SAHEL : Le Niger remet (encore) l’Algérie à sa place


Décidément, rien ne va plus entre Alger et Niamey. Quelques mois après que la voisine de l’Est a voulu s’immiscer dans le processus de transition en cours au Niger depuis le renversement, le 26 juillet 2023, du président Mohamed Bazoum par le Conseil national pour la sauvegarde de la patrie, c’est cette fois les récentes expulsions menées par les forces de sécurité algériennes à l’encontre de migrants nigériens en situation irrégulière qui a valu à la partie algérienne une volée de bois vert en bonne et due forme. En effet, les autorités nigériennes ont procédé, le 3 avril 2024, à la convocation de l’ambassadeur d’Algérie pour lui communiquer leurs protestations vis-à-vis du caractère estimé “violent” desdites expulsions.

“De vastes opérations de rafles policières sont régulièrement menées dans certains quartiers de la ville de Tamanrasset, dans le Sud algérien, où vivent des ressortissants des pays subsahariens dont de nombreux Nigériens”, a dénoncé le gouvernement algérien. Ce à quoi la diplomatie algérienne a dès le lendemain réagi en procédant à son tour à appeler sur le tapis l’ambassadeur du Niger, tout en niant en bloc les accusations portées à son encontre.

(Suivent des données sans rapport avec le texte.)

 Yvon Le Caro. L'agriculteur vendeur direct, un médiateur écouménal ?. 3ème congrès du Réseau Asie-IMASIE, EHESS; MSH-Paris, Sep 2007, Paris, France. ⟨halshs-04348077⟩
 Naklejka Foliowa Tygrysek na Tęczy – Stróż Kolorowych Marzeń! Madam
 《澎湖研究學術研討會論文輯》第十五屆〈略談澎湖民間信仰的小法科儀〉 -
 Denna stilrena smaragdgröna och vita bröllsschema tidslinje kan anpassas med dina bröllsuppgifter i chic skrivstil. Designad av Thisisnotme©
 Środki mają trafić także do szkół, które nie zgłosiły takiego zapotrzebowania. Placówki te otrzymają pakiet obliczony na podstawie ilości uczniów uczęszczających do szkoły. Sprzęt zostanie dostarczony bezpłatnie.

Elle a, à cette occasion, “réitéré (…) le ferme attachement de l’Algérie aux règles essentielles de bon voisinage, et sa volonté de poursuivre la coordination avec le Niger sur cette question concernant les flux migratoires, et sur toute autre question, dans le respect mutuel et sur la base des valeurs de coopération, de confiance et de solidarité”, mais en peinant à convaincre.

C’est ainsi que l’Algérie se trouve actuellement aux prises avec ses voisins sahéliens directs, puisqu’en dehors du Niger elle a également eu maille à partir avec le Mali, qui lui reproche de s’allier aux séparatistes nord-maliens en vue de semer la zizanie dans son territoire.

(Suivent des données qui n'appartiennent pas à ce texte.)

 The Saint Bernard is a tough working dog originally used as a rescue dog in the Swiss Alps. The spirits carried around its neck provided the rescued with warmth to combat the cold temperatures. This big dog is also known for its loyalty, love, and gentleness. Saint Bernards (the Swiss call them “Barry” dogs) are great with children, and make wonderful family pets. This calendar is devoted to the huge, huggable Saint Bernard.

Bamako avait d’ailleurs annoncé, le 31 décembre 2023, son retrait des accords d’Alger, censés restaurer la paix entre le gouvernement central malien et les touaregs qui avaient à un moment réclamé leur indépendance.

En revanche, le Maroc a pu, entre-temps, se rapprocher à grand pas desdits pays, à qui il avait soumis son initiative d’accès à l’Atlantique, en incluant aussi le Burkina Faso et le Tchad. Un vrai succès diplomatique qui n’avait bien évidemment pas manquer de faire sortir de leurs gonds les dirigeants algériens, dans la mesure où ceux-ci considèrent depuis belle lurette le Sahel comme étant leur pré carré exclusif.